At length the prisoners were put on shore and carried to an inn. A crowd had assembled there to see them; and James, though disguised by a wig of different shape and colour from that which he usually wore, was at once recognised. For a moment the rabble seemed to be overawed: but the exhortations of their chiefs revived their courage; and the sight of Hales, whom they well knew and bitterly hated, inflamed their fury. His park was in the neighbourhood; and at that very moment a band of rioters was employed in pillaging his house and shooting his deer. The multitude assured the King that they would not hurt him: but they refused to let him depart. It chanced that the Earl of Winchelsea, a Protestant, but a zealous royalist, head of the Finch family, and a near kinsman of Nottingham, was then at Canterbury. As soon as he learned what had happened he hastened to the coast, accompanied by some Kentish gentlemen. By their intervention the King was removed to a more convenient lodging: but he was still a prisoner. The mob kept constant watch round the house to which he had been carried; and some of the ringleaders lay at the door of his bedroom. His demeanour meantime was that of a man, all the nerves of whose mind had been broken by the load of misfortunes. Sometimes he spoke so haughtily that the rustics who had charge of him were provoked into making insolent replies. Then he betook himself to supplication. "Let me go," he cried; "get me a boat. The Prince of Orange is hunting for my life. If you do not let me fly now, it will be too late. My blood will be on your heads. He that is not with me is against me." On this last text he preached a sermon half an hour long. He harangued on a strange variety of subjects, on the disobedience of the fellows of Magdalene College, on the miracles wrought by Saint Winifred's well, on the disloyalty of the black coats, and on the virtues of a piece of the true cross which he had unfortunately lost. "What have I done?" he demanded of the Kentish squires who attended him. "Tell me the truth. What error have I committed?" Those to whom he put these questions were too humane to return the answer which must have risen to their lips, and listened to his wild talk in pitying silence. 587

When the news that he had been stopped, insulted, roughly handled, and plundered, and that he was still a prisoner in the hands of rude churls, reached the capital, many passions were roused. Rigid Churchmen, who had, a few hours before, begun to think that they were freed from their allegiance to him, now felt misgivings. He had not quitted his kingdom. He had not consummated his abdication. If he should resume his regal office, could they, on their principles, refuse to pay him obedience? Enlightened statesmen foresaw with concern that all the disputes which his flight had for a moment set at rest would be revived and exasperated by his return. Some of the common people, though still smarting from recent wrongs, were touched with compassion for a great prince outraged by ruffians, and were willing to entertain a hope, more honourable to their good nature than to their discernment, that he might even now repent of the errors which had brought on him so terrible a punishment.

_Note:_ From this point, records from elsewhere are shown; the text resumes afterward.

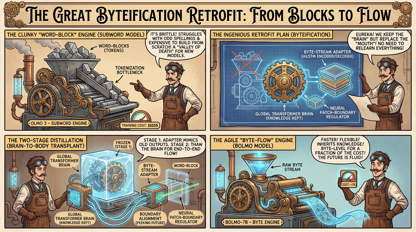 WHY it matters? Byte-level models (BLMs) theoretically solve major issues like tokenization bias, vocabulary bottlenecks, and character blindness, but they have historically been prohibitively expensive to train to state-of-the-art levels. This work provides a generalizable recipe to “retrofit” high-performance subword models into byte-level models efficiently. Crucially, it demonstrates that these retrofitted models can inherit the post-training ecosystem (e.g., instruction tuning) of their parents via weight merging, bypassing the need to rebuild the entire safety and alignment pipeline for byte-level architectures.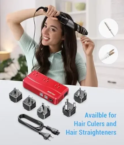 BESTEK Xalqaro Quvvat Adapteri 250 Vt, Sayohat uchun 220 V dan 110 V gacha bo'lgan Kuchlanish Konvertori, 4 Portli USB, shu jumladan AQSh/AU/EU/UK/Hindiston/Janubiy Afrika vilkasi Adapteri (Qizil)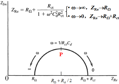从Nyquist 图上可以直接求出Rω和Rct,Zre= RΩ+Rct/2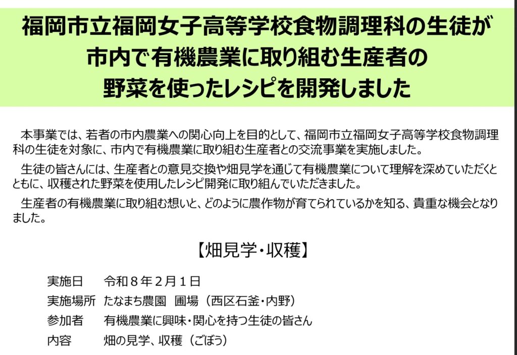 福岡市有機農業推進事業 × 福岡市立福岡女子高等学校食物調理科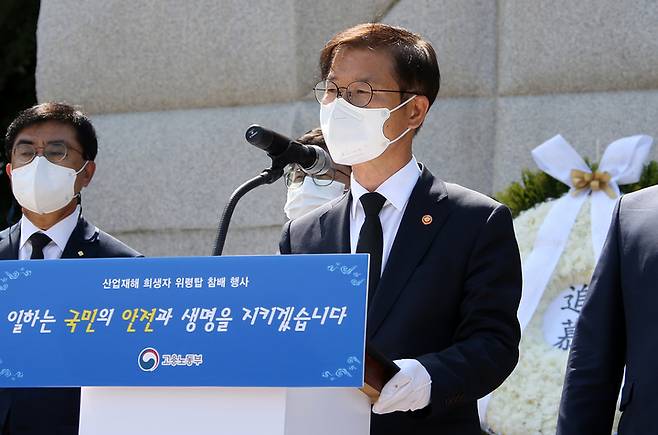 [서울=뉴시스] 조성우 기자 = 이정식 고용노동부 장관이 24일 서울 동작구 보라매공원 내 산업재해희생자위령탑 참배 행사에서 발언하고 있다. (사진=고용노동부 제공) 2022.05.24. photo@newsis.com *재판매 및 DB 금지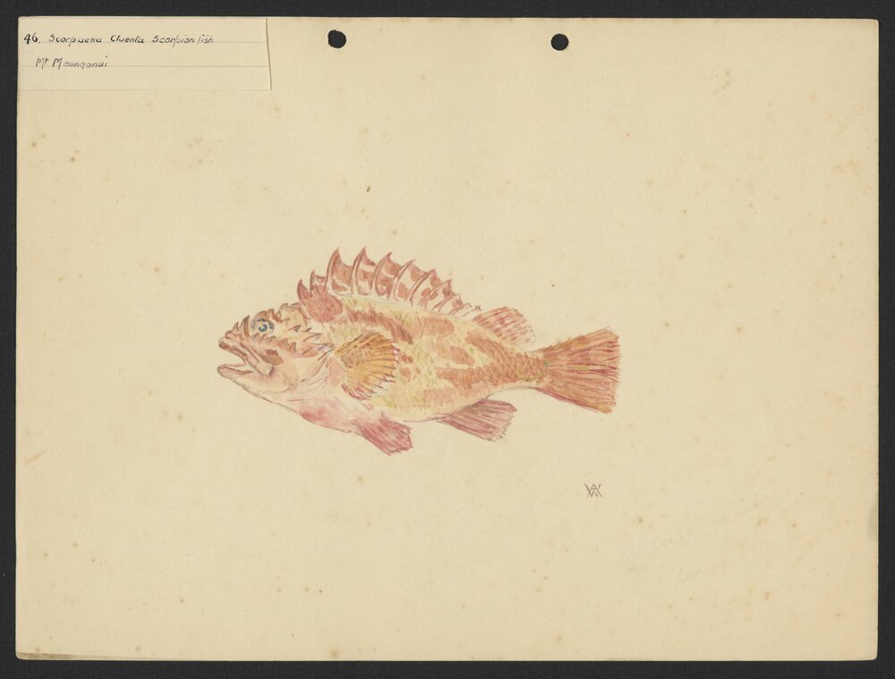Watson, Arnold Henfrey, 1882-1960, Scorpaena cluenta, Scorpion fish (1930-1959). Pae Korokī, accessed 25/03/2026, https://paekoroki.tauranga.govt.nz/nodes/view/107836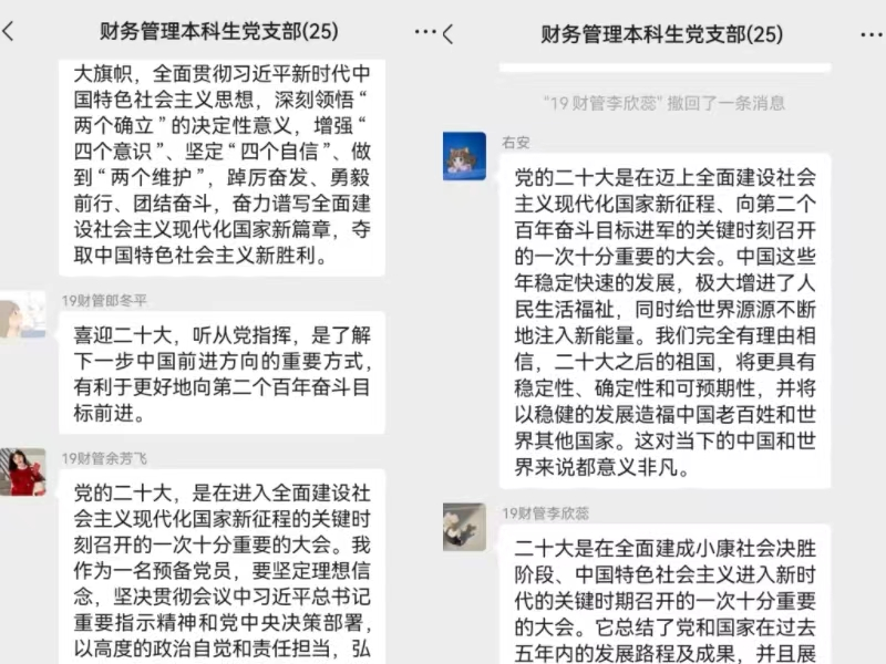 2022年10月16日,中国共产党第二十次全国代表大会在北京人民大会堂隆重开幕。习近平同志代表第十九届中央委员会向大会作报告。m88官网财务管理专业本科生党支部组织全体党员同学线上集中收看党的二十大开幕会,并第一时间以多种形式开展交流研讨,深刻学习领会党的二十大精神。
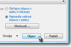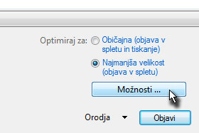 Optimiraj sem označil Najmanjša velikost (objava na spletu), ker bom datoteko objabil na splet.
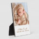 A sweet custom baby photo plaque with decorative edges and soft cream colored background with birth stats. Delete this image and upload your own newborn baby photo, and add your birth stats. Display this lovely plaque on a mantelpiece or in the nursery.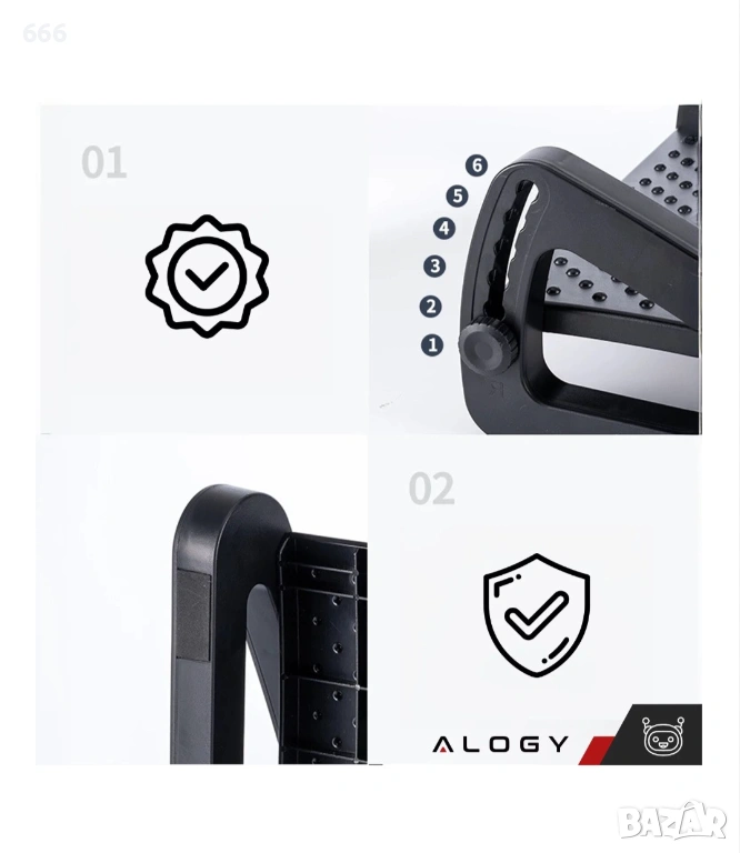 ✅ 6 регулируеми височини – позволява ви да регулирате подходящата височина и ъгъл от 25° до 75°.

From the moment when it was known that the King was still in England, Sancroft, who had hitherto acted as chief of the provisional government, absented himself from the sittings of the Peers. Halifax, who had just returned from the Dutch head quarters, was placed in the chair. His sentiments had undergone a great change in a few hours. Both public and private feelings now impelled him to join the Whigs. Those who candidly examine the evidence which has come down to us will be of opinion that he accepted the office of royal Commissioner in the sincere hope of effecting an accommodation between the King and the Prince on fair terms. The negotiation had commenced prosperously: the Prince had offered terms which the King could not but acknowledge to be fair: the eloquent and ingenious Trimmer might flatter himself that he should be able to mediate between infuriated factions, to dictate a compromise between extreme opinions, to secure the liberties and religion of his country, without exposing her to the risks inseparable from a change of dynasty and a disputed succession. While he was pleasing himself with thoughts so agreeable to his temper, he learned that he had been deceived, and had been used as an instrument for deceiving the nation. His mission to Hungerford had been a fool's errand. The King had never meant to abide by the terms which he had instructed his Commissioners to propose. He had charged them to declare that he was willing to submit all the questions in dispute to the Parliament which he had summoned; and, while they were delivering his message, he had burned the writs, made away with the seal, let loose the army, suspended the administration of justice, dissolved the government, and fled from the capital. Halifax saw that an amicable arrangement was no longer possible. He also felt, it may be suspected, the vexation natural to a man widely renowned for wisdom, who finds that he has been duped by an understanding immeasurably inferior to his own, and the vexation natural to a great master of ridicule, who finds himself placed in a ridiculous situation. His judgment and his resentment alike induced him to relinquish the schemes of reconciliation on which he had hitherto been intent, and to place himself at the head of those who were bent on raising William to the throne. 588

A journal of what passed in the Council of Lords while Halifax presided is still extant in his own handwriting. 589 No precaution, which seemed necessary for the prevention of outrage and robbery, was omitted. The Peers took on themselves the responsibility of giving orders that, if the rabble rose again, the soldiers should fire with bullets. Jeffreys was brought to Whitehall and interrogated as to what had become of the Great Seal and the writs. At his own earnest request he was remanded to the Tower, as the only place where his life could be safe; and he retired thanking and blessing those who had given him the protection of a prison. A Whig nobleman moved that Oates should be set at liberty: but this motion was overruled. 590

 

The business of the day was nearly over, and Halifax was about to rise, when he was informed that a messenger from Sheerness was in attendance. No occurrence could be more perplexing or annoying. To do anything, to do nothing, was to incur a grave responsibility. Halifax, wishing probably to obtain time for communication with the Prince, would have adjourned the meeting; but Mulgrave begged the Lords to keep their seats, and introduced the messenger. The man told his story with many tears, and produced a letter written in the King's hand, and addressed to no particular person, but imploring the aid of all good Englishmen. 591

Such an appeal it was hardly possible to disregard. The Lords ordered Feversham to hasten with a troop of the Life Guards to the place where the King was detained, and to set his Majesty at liberty.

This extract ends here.